I was curious to hear from people that have used the Stop Tech rotors to see if they even checked the runout and if so, did they have any issues. Bearings, bent hubs and so on can cause this same issue so without putting the rotors on a lathe to confirm how true they are, I am not sure if there is another issue or not.
Like mentioned, you probably won't feel .004 runout anyway but I am just trying to get some more input on the subject.
"Clocking" the rotors to get minimum runout is worth doing IMO, did it to the cryos on my truck now. But the dually extenders add another item to clock independently of the rotor and more time to an already time consuming process. Assuming it's clean, could be the extender is just not flat/square. Or if you have all day and lots of beer swap them left to right and start over. There will be one best combination, and if I went that far I'd promptly immortalize that orientation with a some spray paint.

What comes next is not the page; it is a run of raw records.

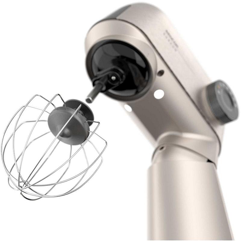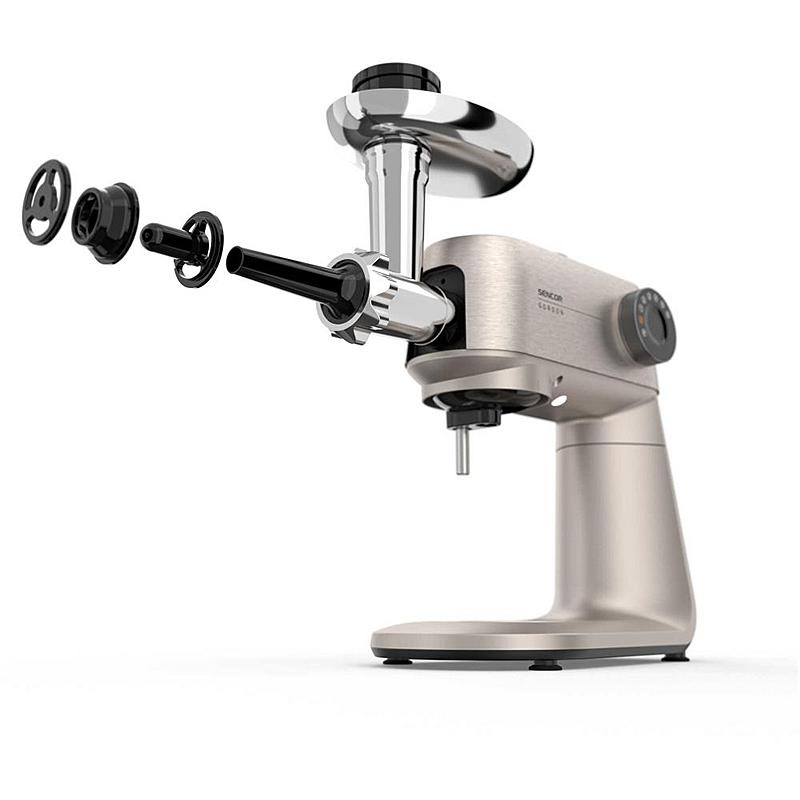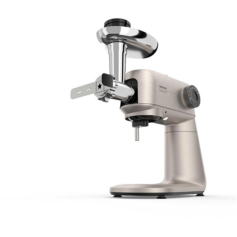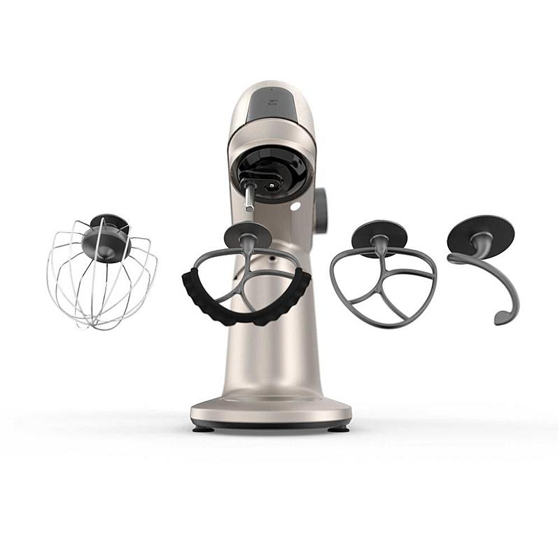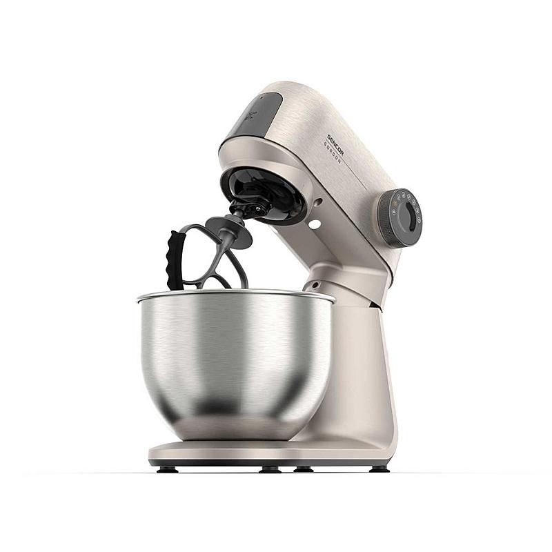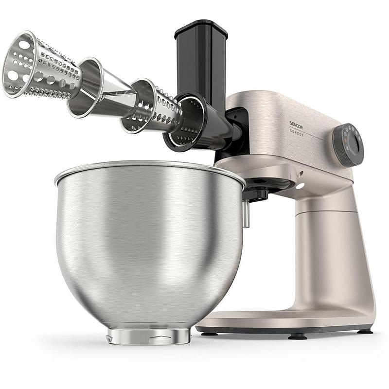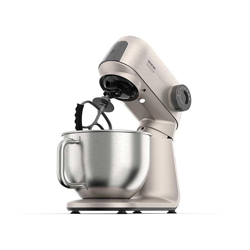 Kuchyňský robot Sencor s výkonem 1500 W, robustním celokovovým tělem a planetární převodovkou. Odnímatelná chytrá váha s aplikací a dvě hnětací mísy.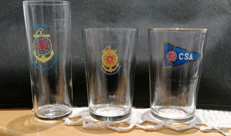 Preço: 25 €Set de 3 copos em vidro com o símbolo do Clube de Sargento da Armada da Marinha Portuguesa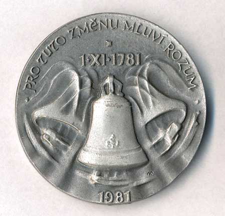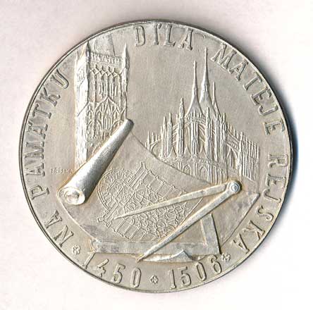| 1519. | Karel IV. - upomínková medaile - poprsí císaře Karla, v pozadí gotický chrám /
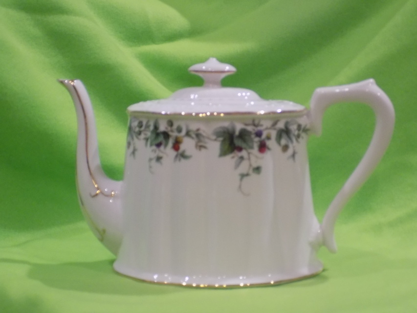 Pretty berry design along the top of the teapot. Large, 48 oz.

I spent a little more time on the Drivers side tonight and started over. I didn't spend a ton of time on it but I got it down to .002 with the extender installed and everything torqued down to spec. I considered that good enough and will move on to the passenger side tomorrow.
I've had brand new cryo treated rotors right out of the box that needed to be turned. My buddy who owns a tire shop told me in the 30+ years he's been in the tire biz, it's not uncommon to find brand new rotors needing to be turned before he could install them because the runout is way out of spec.
He checks every rotor before they get bolted on because of that.
Thank you very much Stewart! Well I got the passenger side rotor and caliper on today. It went much better than the drivers side and I am at .001 runout without needing a shim. Now on to the brake lines and shocks so I can get my tires back on and test the brakes out.
It was several years ago now, but the last set of cryo rotors I bought for my old F250 had the wobble/shimmy when I bolted them on. Took them to my guy and he turned them for me and that's when I learned about how often it happens.
I don't remember the spec, but the runout on those new rotors were really bad. It's the only time it has happened, but all it takes is once and you discover it isn't too far fetched.
on the rear axle of truck in signature I had to replace the part the brake rotor installs on,I call it the spindle hub,it had unexceptable run out,i'm sure the original owner put up with that for the first 210k.